+++ SOURCE INFORMATION

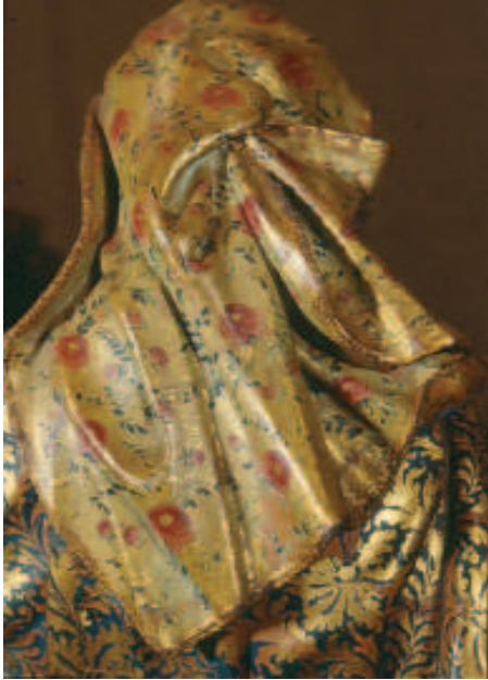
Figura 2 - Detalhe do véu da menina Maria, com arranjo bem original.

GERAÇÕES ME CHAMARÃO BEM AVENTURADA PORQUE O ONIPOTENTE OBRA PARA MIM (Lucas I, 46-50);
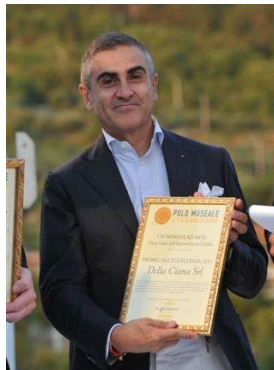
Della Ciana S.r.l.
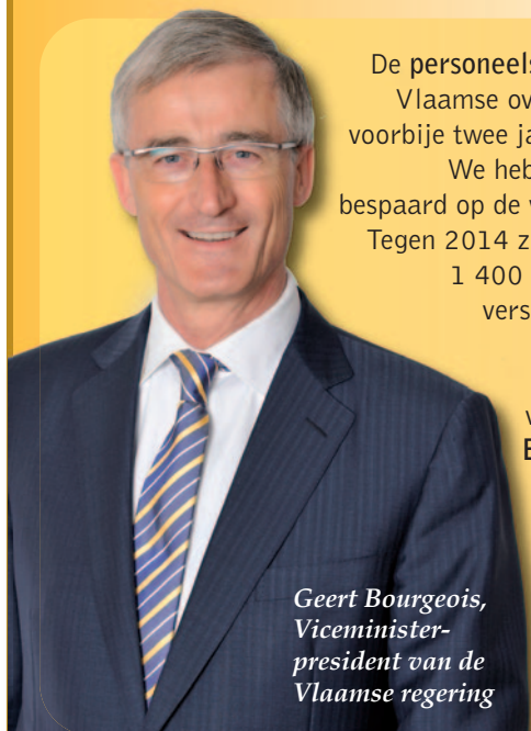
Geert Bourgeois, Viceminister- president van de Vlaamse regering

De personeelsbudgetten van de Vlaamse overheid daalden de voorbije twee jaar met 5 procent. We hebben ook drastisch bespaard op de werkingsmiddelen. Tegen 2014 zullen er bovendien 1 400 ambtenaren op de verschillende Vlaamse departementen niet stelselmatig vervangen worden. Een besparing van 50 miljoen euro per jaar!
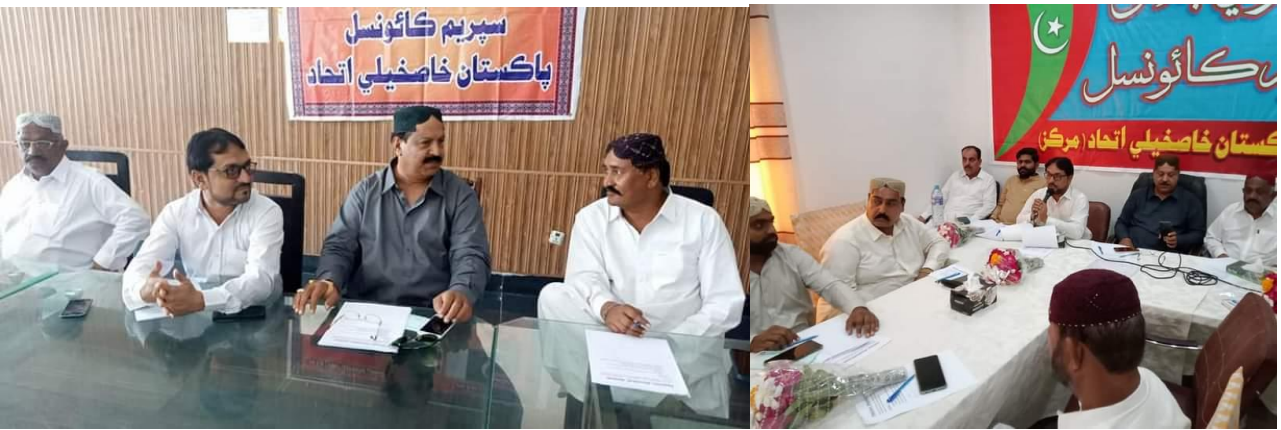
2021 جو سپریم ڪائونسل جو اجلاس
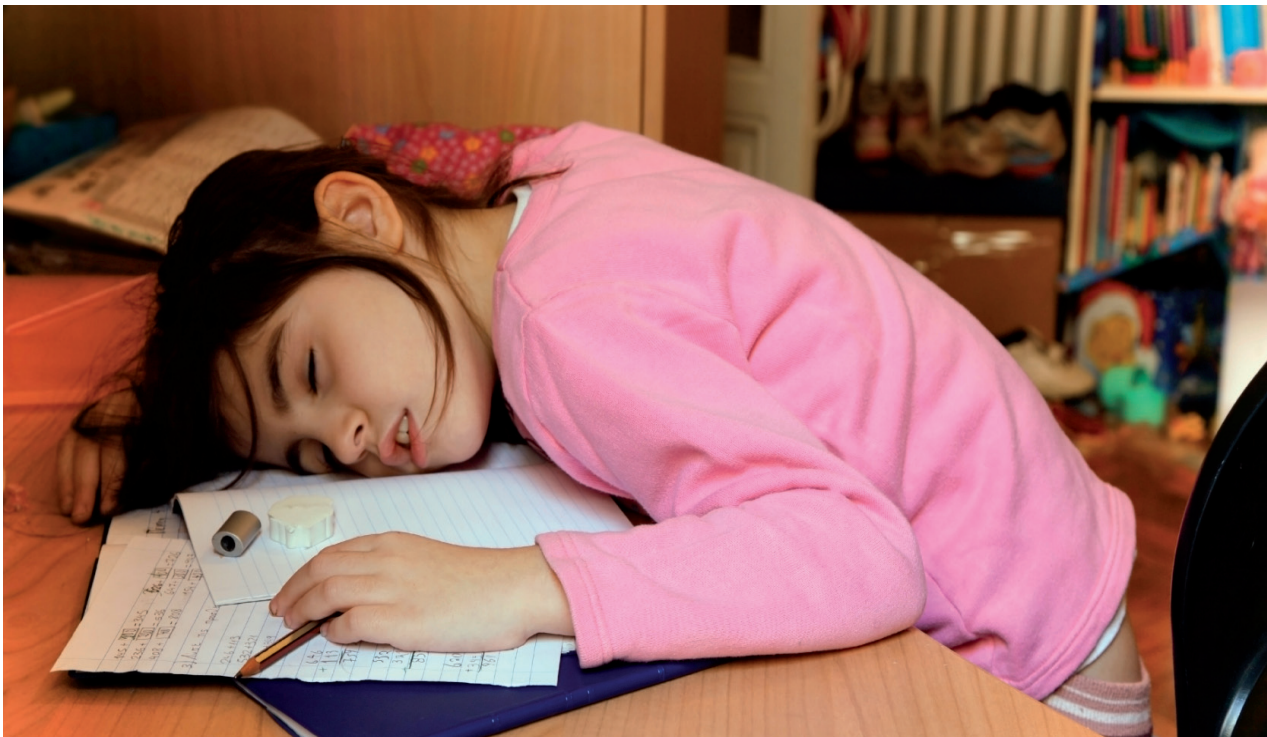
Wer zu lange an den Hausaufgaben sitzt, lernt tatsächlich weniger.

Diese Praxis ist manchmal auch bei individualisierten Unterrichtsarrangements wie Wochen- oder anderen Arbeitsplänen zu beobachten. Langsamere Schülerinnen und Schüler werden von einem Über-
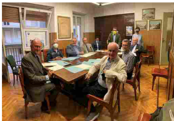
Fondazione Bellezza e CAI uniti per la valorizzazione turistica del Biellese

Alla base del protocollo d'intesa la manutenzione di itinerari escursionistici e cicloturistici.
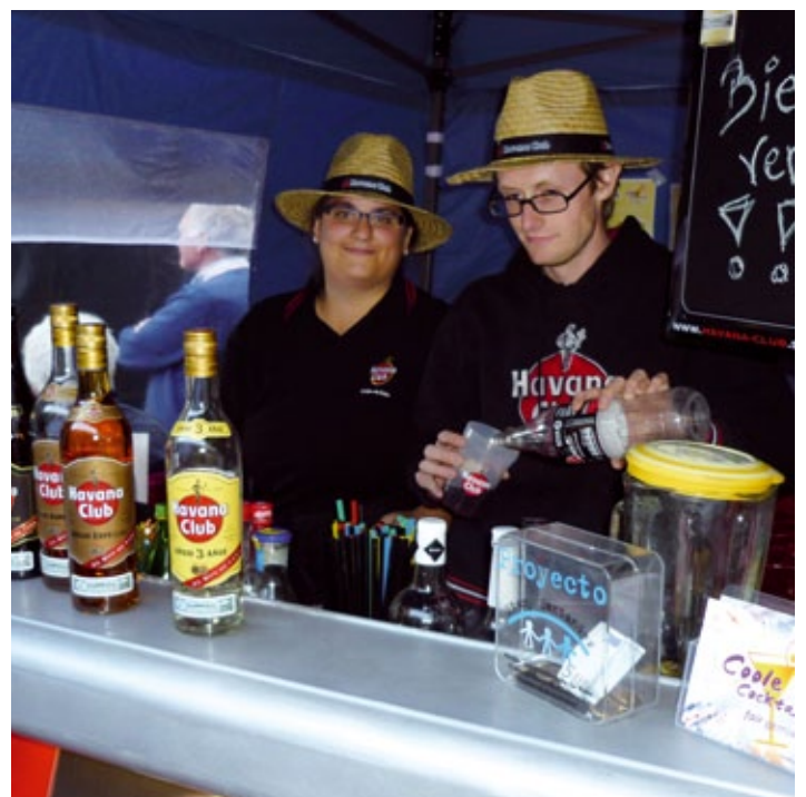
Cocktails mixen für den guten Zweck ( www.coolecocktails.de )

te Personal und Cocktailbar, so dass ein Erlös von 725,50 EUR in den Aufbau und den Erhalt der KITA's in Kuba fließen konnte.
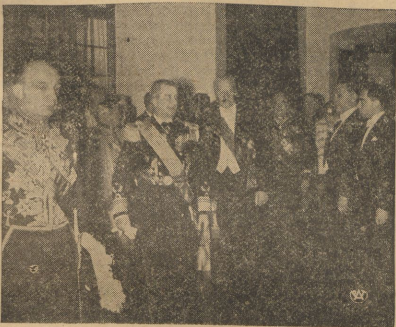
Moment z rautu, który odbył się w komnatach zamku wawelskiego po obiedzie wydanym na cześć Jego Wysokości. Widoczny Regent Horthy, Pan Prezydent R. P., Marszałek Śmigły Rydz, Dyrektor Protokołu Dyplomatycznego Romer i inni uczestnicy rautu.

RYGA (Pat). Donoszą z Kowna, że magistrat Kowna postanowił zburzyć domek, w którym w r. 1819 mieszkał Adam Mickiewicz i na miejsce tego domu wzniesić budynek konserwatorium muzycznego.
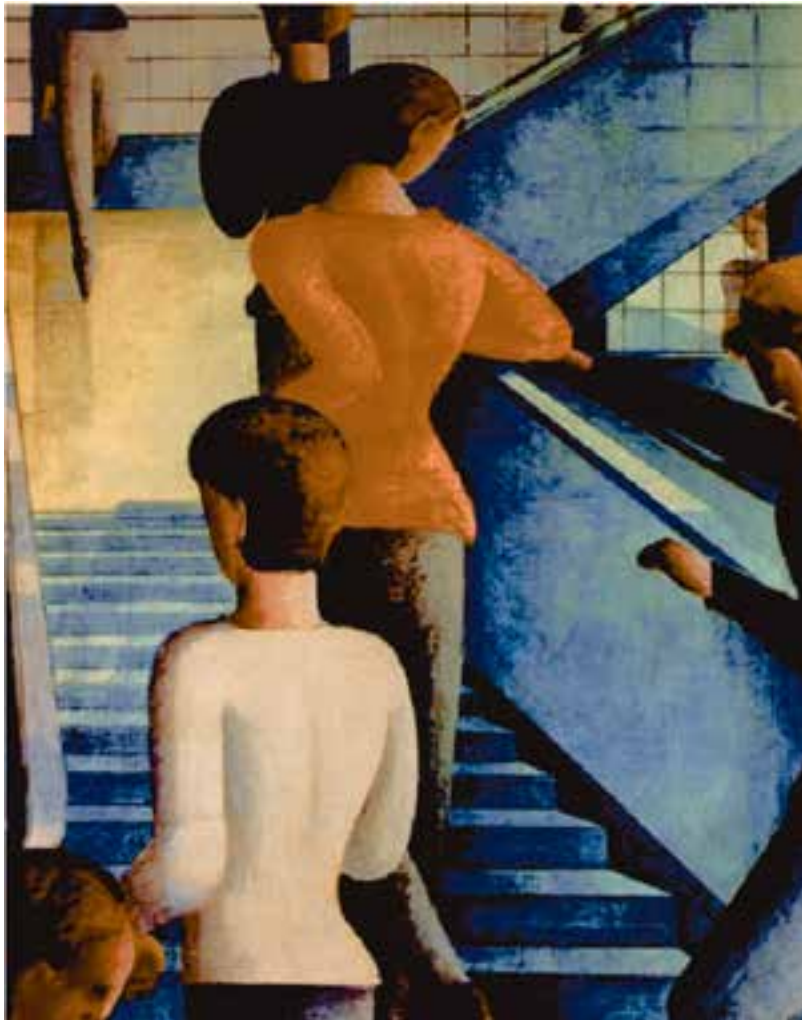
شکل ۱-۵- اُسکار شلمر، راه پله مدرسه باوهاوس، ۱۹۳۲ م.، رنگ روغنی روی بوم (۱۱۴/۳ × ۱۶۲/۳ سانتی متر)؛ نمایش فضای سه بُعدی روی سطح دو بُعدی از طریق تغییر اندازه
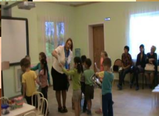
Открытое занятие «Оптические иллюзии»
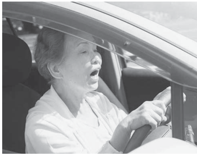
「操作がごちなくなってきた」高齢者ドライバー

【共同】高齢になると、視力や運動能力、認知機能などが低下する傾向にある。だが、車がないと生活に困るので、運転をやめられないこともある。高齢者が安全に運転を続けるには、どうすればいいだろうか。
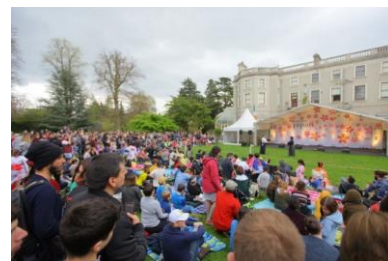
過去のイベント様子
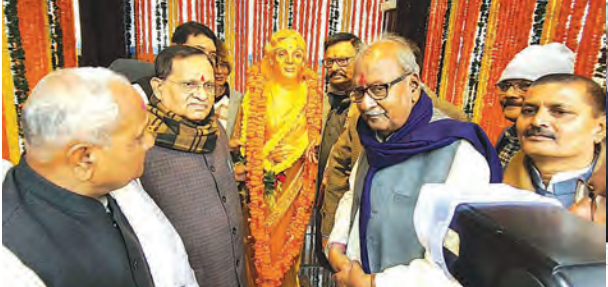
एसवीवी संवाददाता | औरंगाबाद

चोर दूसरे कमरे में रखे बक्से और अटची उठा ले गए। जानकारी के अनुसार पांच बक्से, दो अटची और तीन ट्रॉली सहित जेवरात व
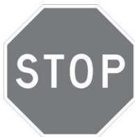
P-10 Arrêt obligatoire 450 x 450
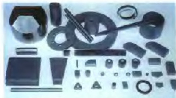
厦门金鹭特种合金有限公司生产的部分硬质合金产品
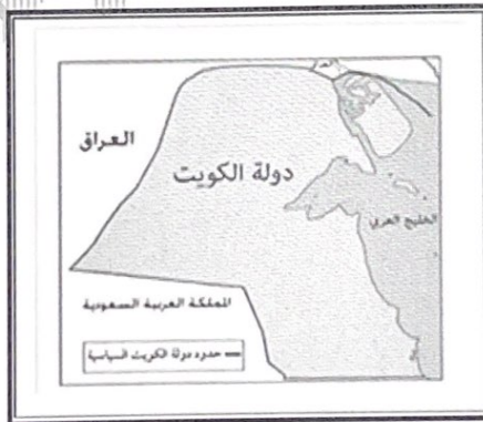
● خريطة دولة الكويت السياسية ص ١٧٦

++++++

HOW TO COMPLETE THIS TASK
Could you reproduce all of the data above exactly and skip any image?

EXERCISE RESPONSE
Figura 2 - Detalhe do véu da menina Maria, com arranjo bem original.

GERAÇÕES ME CHAMARÃO BEM AVENTURADA PORQUE O ONIPOTENTE OBRA PARA MIM (Lucas I, 46-50);
Della Ciana S.r.l.
Geert Bourgeois, Viceminister- president van de Vlaamse regering

De personeelsbudgetten van de Vlaamse overheid daalden de voorbije twee jaar met 5 procent. We hebben ook drastisch bespaard op de werkingsmiddelen. Tegen 2014 zullen er bovendien 1 400 ambtenaren op de verschillende Vlaamse departementen niet stelselmatig vervangen worden. Een besparing van 50 miljoen euro per jaar!
2021 جو سپریم ڪائونسل جو اجلاس
Wer zu lange an den Hausaufgaben sitzt, lernt tatsächlich weniger.

Diese Praxis ist manchmal auch bei individualisierten Unterrichtsarrangements wie Wochen- oder anderen Arbeitsplänen zu beobachten. Langsamere Schülerinnen und Schüler werden von einem Über-
Fondazione Bellezza e CAI uniti per la valorizzazione turistica del Biellese

Alla base del protocollo d'intesa la manutenzione di itinerari escursionistici e cicloturistici.
Cocktails mixen für den guten Zweck ( www.coolecocktails.de )

te Personal und Cocktailbar, so dass ein Erlös von 725,50 EUR in den Aufbau und den Erhalt der KITA's in Kuba fließen konnte.
Moment z rautu, który odbył się w komnatach zamku wawelskiego po obiedzie wydanym na cześć Jego Wysokości. Widoczny Regent Horthy, Pan Prezydent R. P., Marszałek Śmigły Rydz, Dyrektor Protokołu Dyplomatycznego Romer i inni uczestnicy rautu.

RYGA (Pat). Donoszą z Kowna, że magistrat Kowna postanowił zburzyć domek, w którym w r. 1819 mieszkał Adam Mickiewicz i na miejsce tego domu wzniesić budynek konserwatorium muzycznego.
شکل ۱-۵- اُسکار شلمر، راه پله مدرسه باوهاوس، ۱۹۳۲ م.، رنگ روغنی روی بوم (۱۱۴/۳ × ۱۶۲/۳ سانتی متر)؛ نمایش فضای سه بُعدی روی سطح دو بُعدی از طریق تغییر اندازه
Открытое занятие «Оптические иллюзии»
「操作がごちなくなってきた」高齢者ドライバー

【共同】高齢になると、視力や運動能力、認知機能などが低下する傾向にある。だが、車がないと生活に困るので、運転をやめられないこともある。高齢者が安全に運転を続けるには、どうすればいいだろうか。
過去のイベント様子
एसवीवी संवाददाता | औरंगाबाद

चोर दूसरे कमरे में रखे बक्से और अटची उठा ले गए। जानकारी के अनुसार पांच बक्से, दो अटची और तीन ट्रॉली सहित जेवरात व
P-10 Arrêt obligatoire 450 x 450
厦门金鹭特种合金有限公司生产的部分硬质合金产品
● خريطة دولة الكويت السياسية ص ١٧٦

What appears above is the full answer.